Matthew ran to the bathroom, washed up, and skipped down the stairs, hopping over Claw on his way. His mother was in the kitchen working at the stove.
“Momma, momma!” Matthew shouted, “What are we having for dinner?”
“Dinner?” His mother said. “We haven’t even had breakfast yet.”
Just then Matthew’s father came into the kitchen. “I think I’ll fix my famous Pasta Marinara for dinner,” said the father.
“Oh no!” said Matthew.
Mama and Papa Marinara looked askance at Matthew.
“That’s odd,” said Mama Marinara. “He usually loves your pasta, Papa.”
“Hmm?” said Matthew’s father. “I wonder what’s gotten into him.”
“Baron von Tinymann,” Matthew said, under his breath.
“What’s that dear?” asked his mother, feeling his forehead to see if he had a fever.
“Nothing, Mama,” Matthew said, and went out to get the morning paper.
“Does he have a fever?” Papa Marinara asked Mama Marinara.
“No, but he seems to have jelly on his forehead.” 
The End

The Wind in the Trees

“Come on, Ricky. We’re going for a ride!” Ricky heard his mother call from the kitchen. Good! Ricky thought. He was tired of playing with his cars and trucks and tractors and trains. He’d run out of ways to have them crash, anyway.
Ricky’s mother appeared in the den and Ricky looked up to see her smiling at him. He pushed himself up from the floor and ran over to her for a hug.
“There’s my big boy,” his mother said. “Here, put on your coat.”
“Don’t need it,” Ricky said and pulled away.
“Come on now, honey. It’s cold outside. We don’t want you catching cold.”
Ricky looked at his mom while she struggled to get him into his coat without any help from him.
Doesn’t look cold, he thought, seeing the sun streaming in the window.
“How do you catch it?” he asked his mother.
“Catch what?” she answered, taking his hand and starting for the door.
“Cold,” he said, but his mother wasn’t listening. She was rummaging around in her purse like she always did just before going out the door.
Ricky stood on the front porch waiting for his mom to lock the door. It was cold, even though the sun was shining. The wind was making a whooshing sound in the colorful trees, and red and yellow leaves were skittering across the lawn. Something white flew up towards the porch making a crackling sound and Ricky backed up into his mother’s hip and reached for her hand.
“Okay, honey, here we go,” his mother said.
Ricky watched the white thing settle back on the front walk. It was just an old newspaper.
Ricky crawled into the back seat and up into what his mom called his ‘special seat.’
“Aren’t you a good boy,” his mom said.
And I’m a good climber, Ricky thought.
“Here we go,” said his mom, backing out of the driveway.
As they drove off Ricky noticed that the neighbors had big orange pumpkins on their porches and steps, just like the one they had on their porch. But he and his dad had made their pumpkin smile. Some of the pumpkins Ricky saw as they drove along had scary faces. He didn’t like that.

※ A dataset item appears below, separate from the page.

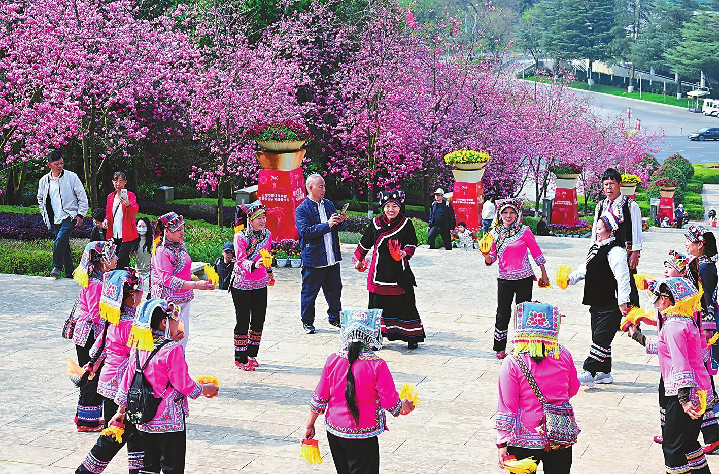 3月7日,红塔山公园的樱花竞相绽放,粉黛满枝,春意盎然,吸引了众多游客纷至沓来,观花赏景、拍照打卡,尽享春日美好时光。作为玉溪中心城区热门打卡地,红塔山公园已成为市民踏春赏景、感受自然之美的理想之地。(曾永洪)
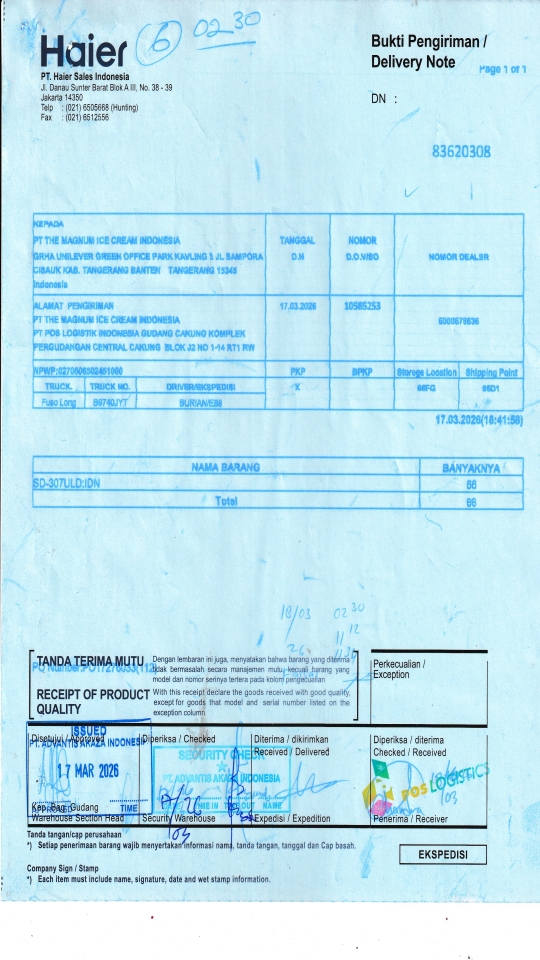 PT THE MAGNUM ICE CREAM INDONESIA PT POS LOGISTIK INDONESIA GUDANG CAKUNG KOMPLEK PERGUDANGAN CENTRAL CAKUNG BLOK J2 NO 1-14 RT1 RW 10 ROROTAN, KEC CILINCING JAKARTA UTARA 14140 ID |

“There’s a bull yard stop,” Ricky said, pointing to a round, red sign on the corner as his mother slowed and stopped.
“I see it,” she said, looking to one side and then the other before she started going again.
As they drove through the intersection Ricky looked at a house on the opposite corner and gasped. There was a ghost standing right in the middle of the lawn waving its arms and swaying back and forth. Ricky wanted to tell his mom, but he was so scared he couldn’t say anything. He turned his head as far around as he could and watched the ghost disappear behind them. Ricky wondered how his mother could have missed it, but then he remembered how she was always saying, ‘Darn, I missed my turn,’ so maybe her eyes weren’t as good as his.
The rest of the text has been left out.